Chen Shanshan, Sun Xinxin
Department of Biostatistics, School of Population Health, Virginia Commonwealth University, Richmond, VA, USA.
R Soc Open Sci. 2024 May 29;11(5):231468. doi: 10.1098/rsos.231468. eCollection 2024 May.
Sleep-wake (SW) cycle detection is a key step for extracting temporal sleep metrics from actigraphy. Various supervised learning algorithms have been developed, yet their generalizability from sensor to sensor or study to study is questionable. In this paper, we detail and validate an unsupervised algorithm-CircaCP-for detecting SW cycles from actigraphy. It first uses a robust cosinor model to estimate circadian rhythm, then searches for a single change point (CP) within each circadian cycle. Using CircaCP, we estimated sleep/wake onset times (S/WOTs) from 2125 individuals' data in the MESA sleep study and compared the estimated S/WOTs against self-reported S/WOT event markers, using Bland-Altman analysis as well as variance component analysis. On average, SOTs estimated by CircaCP were 3.6 min behind those reported by event markers, and WOTs by CircaCP were less than 1 min behind those reported by markers. These differences accounted for less than 0.2% variability in S/WOTs, considering other sources of between-subject variations. Rooted in first principles of human circadian rhythms, our algorithm transferred seamlessly from children's hip-worn ActiGraph data to ageing adults' wrist-worn Actiwatch data. The generalizability of our algorithm suggests that it can be widely applied to actigraphy collected by other sensors and studies.

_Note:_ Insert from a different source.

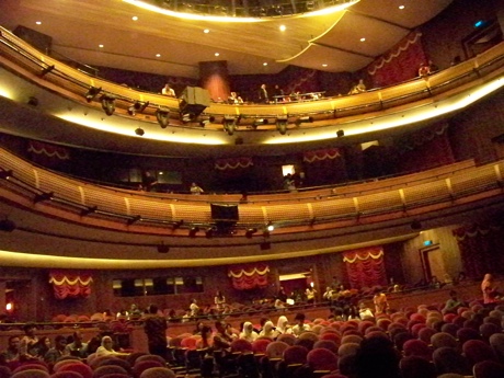 Eeeniweiii…Cukup jelasnya pemandangan pentas musikal itu bikin saya bisa melihat detail keseluruhan. Awal duduk, saya celingak celinguk norak karena baru pertama kalinya masuk dan duduk di teater jakarta. Di mata amatir saya, rasanya tata letaknya mewah ya. Warna merah di tirai-tirainya, plus tekstur kayu dan kursi yang berlainan warna, tapi tetap didominasi warna merah-ungu yang middle tone, karpet abu-abu, balkon dua tingkat, dan lengkapnya sarana pencahayaan dari langit-langit tertinggi sampai terendah, yang menjadikan tayangan paripurna.

睡眠-清醒(SW)周期检测是从活动记录仪中提取睡眠相关时间指标的关键步骤。目前已经开发了各种监督学习算法,但其在不同传感器或不同研究之间的通用性仍值得怀疑。在本文中,我们详细介绍并验证了一种用于从活动记录仪中检测SW周期的无监督算法——CircaCP。该算法首先使用一种稳健的余弦节律模型来估计昼夜节律,然后在每个昼夜周期内寻找单个变化点(CP)。我们使用CircaCP从MESA睡眠研究中2125名个体的数据中估计睡眠/清醒开始时间(S/WOTs),并使用布兰德-奥特曼分析以及方差成分分析将估计的S/WOTs与自我报告的S/WOT事件标记进行比较。平均而言,CircaCP估计的睡眠开始时间比事件标记报告的时间晚3.6分钟,CircaCP估计的清醒开始时间比标记报告的时间晚不到1分钟。考虑到个体间差异的其他来源,这些差异在S/WOTs中的变异性不到0.2%。基于人类昼夜节律的基本原理,我们的算法能够无缝地从儿童佩戴在臀部的ActiGraph数据转换到老年人佩戴在手腕的Actiwatch数据。我们算法的通用性表明它可以广泛应用于其他传感器收集的活动记录仪数据以及其他研究。